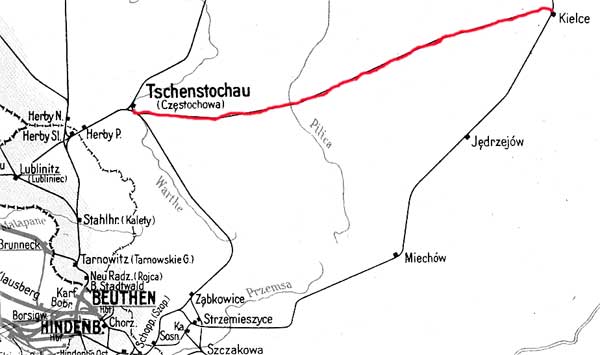 Auszug Streckenkarte 1938 Quelle: [1] Stand der Kilometrierung: 1943 Tschenstochau 0,0 - Kielce 117
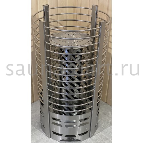 Печь оснащена встроенным механическим терморегулятором. Нагревательные элементы (ТЭНы) выполнены из нержавеющей стали. Вариант размещения - напольный, требует установки на негорючую поверхность. Каменка открытого типа с фронтальной загрузкой камней. Пароиспаритель отсутствует - пар образуется при ручном поливе камней. Комплектуется защитным экраном и термостойким кабелем.
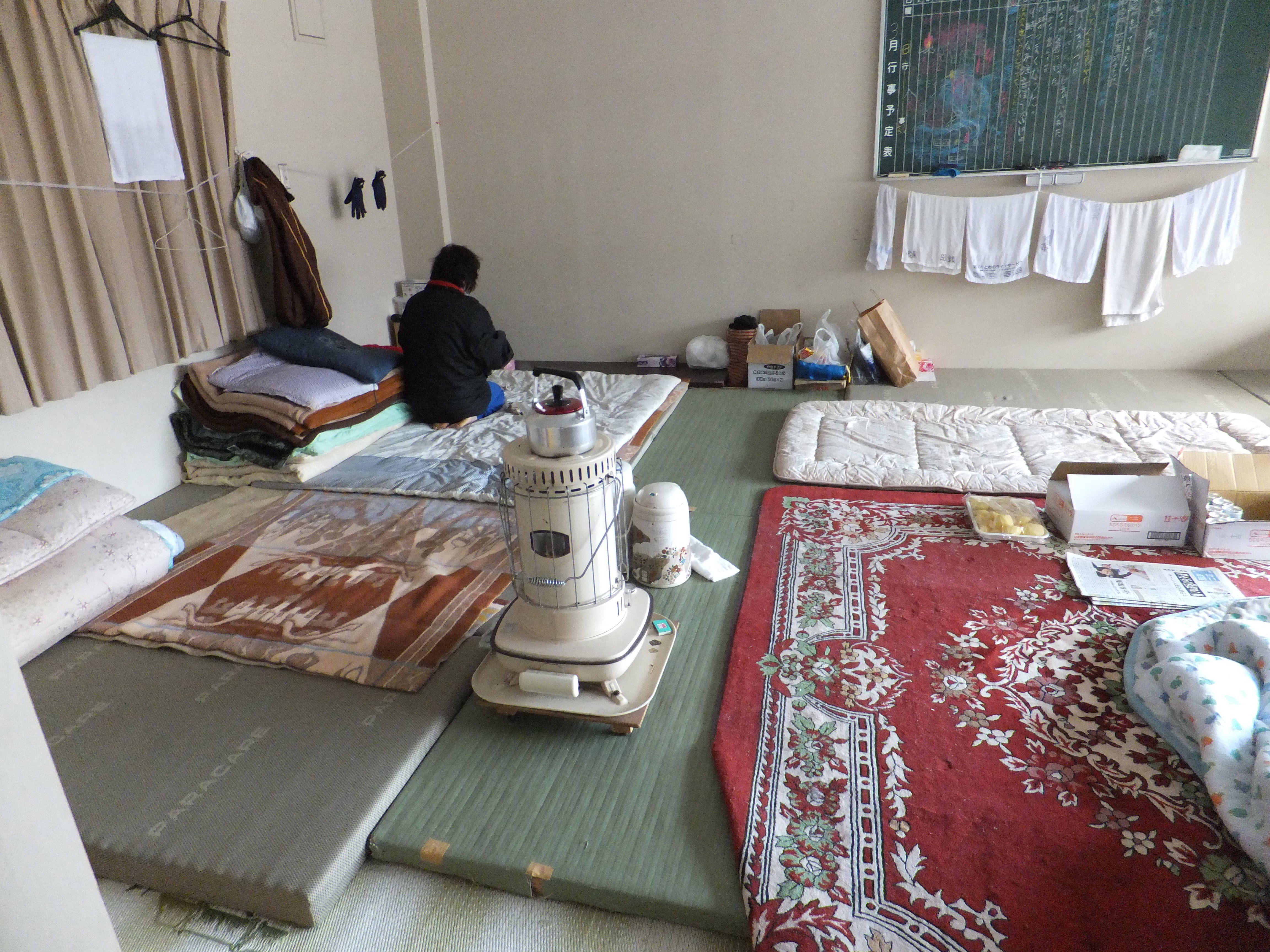 避難所内部の様子、床の上に畳が敷いてある

====

TASK DETAILS:
Where the material contains pictures, leave them out and copy the rest verbatim.

RESPONSE AREA:
 Auszug Streckenkarte 1938 Quelle: [1] Stand der Kilometrierung: 1943 Tschenstochau 0,0 - Kielce 117
 Печь оснащена встроенным механическим терморегулятором. Нагревательные элементы (ТЭНы) выполнены из нержавеющей стали. Вариант размещения - напольный, требует установки на негорючую поверхность. Каменка открытого типа с фронтальной загрузкой камней. Пароиспаритель отсутствует - пар образуется при ручном поливе камней. Комплектуется защитным экраном и термостойким кабелем.
 避難所内部の様子、床の上に畳が敷いてある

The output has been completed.